Last week, I mentioned that a small gaggle of companies was petitioning the federal government to limit the ability of other companies to export their products – in this case liquefied natural gas (LNG). This small group – which calls itself America’s Energy Advantage (AEA) – is playing a weak hand, given what we know about the economic benefits realized by those nations that embrace free trade.
AEA’s anti-exports position is not helped by the “facts” the group is marshaling to defend its position that free trade for energy products will cause economic harm.
Take, for instance, AEA’s claim that “a report from the U.S. Department of Energy says unlimited LNG exports will enrich natural gas producers at the expense of all consumers.”
There’s just one problem: The report says exactly the opposite.
The AEA webpage doesn’t link to the report, prepared by NERA Economic Consulting at the direction of the U.S. Department of Energy (DOE), so I will. And I want to draw your attention to page 55, in which the report’s findings about the benefits to consumers are made crystal clear:
- “All export scenarios are welfare-improving for U.S. consumers.”
- “Consumers, in aggregate, are better off as a result of opening up LNG exports.”
- “In fact, the U.S. consumers are better off in all of the export volume scenarios that were analyzed.”
Then there’s AEA’s attempt to play the price card.
Unfortunately for AEA – but fortunately for U.S. consumers — expert after expert has shown that the economic benefits to the country from LNG exports are significant and outweigh any potential domestic natural gas price increases. The DOE-commissioned report finds that “natural gas price changes attributable to LNG exports remain in a relatively narrow range across the entire range of [possible] scenarios.”
“The bottom line,” according to Rice University’s Baker Institute, is that “certification of LNG exports will not likely produce a large domestic price impact.”
Why? The U.S. Energy Information Administration offers one clue: “The availability of large quantities of shale gas should enable the United States to consume a predominantly domestic supply of gas for many years and produce more natural gas than it consumes” (emphasis mine).
There is an additional explanation, which the Brookings Institution notes: “Natural gas producers will likely anticipate future demand from LNG exports and will increase production accordingly, limiting price spikes.”
Give Brookings and others credit for recognizing that our economy is dynamic, not static, and that both consumers and producers react to market changes and other signals on a continuous and ongoing basis.
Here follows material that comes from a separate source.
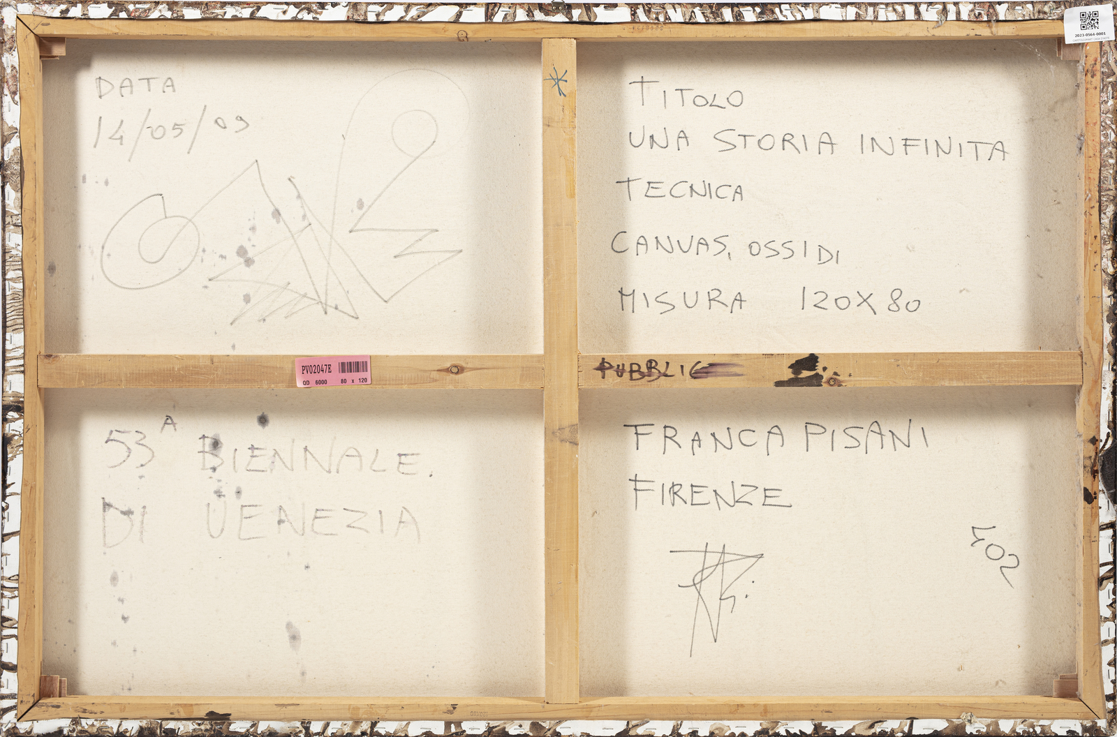 PISANI FRANCA (n. 1956) Una storia infinita. 2009. Tecnica mista su tela. Cm 120,00 x 80,00. Al retro titolo, firma e anno. Autentica dell'artista su fotografia. Esposizioni: 53a Biennale di Venezia, “Fare Mondi”, Padiglione della Repubblica Araba Siriana. Pubblicazioni: F.P.-53a Biennale di Venezia, 2009, p. 152. Lievi difetti.
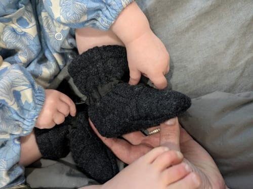 Wool's natural dirt-repelling properties mean that booties usually only need to be washed very rarely.

These expert views should carry weight. So should the trade associations of which several AEA companies are members. To that point, the American Chemistry Council, the National Association of Manufacturers and the Chamber of Commerce have weighed in with forceful declarations supporting free trade.
Facts are powerful things – and they should drive our public dialogue about energy issues and trade.
For this very reason, the public and policymakers should carefully verify the claims coming from America’s Energy Advantage and compare them to the long list of well-respected economists and industry groups who affirm the benefits that will flow to America’s economy and workers if we allow free trade in natural gas.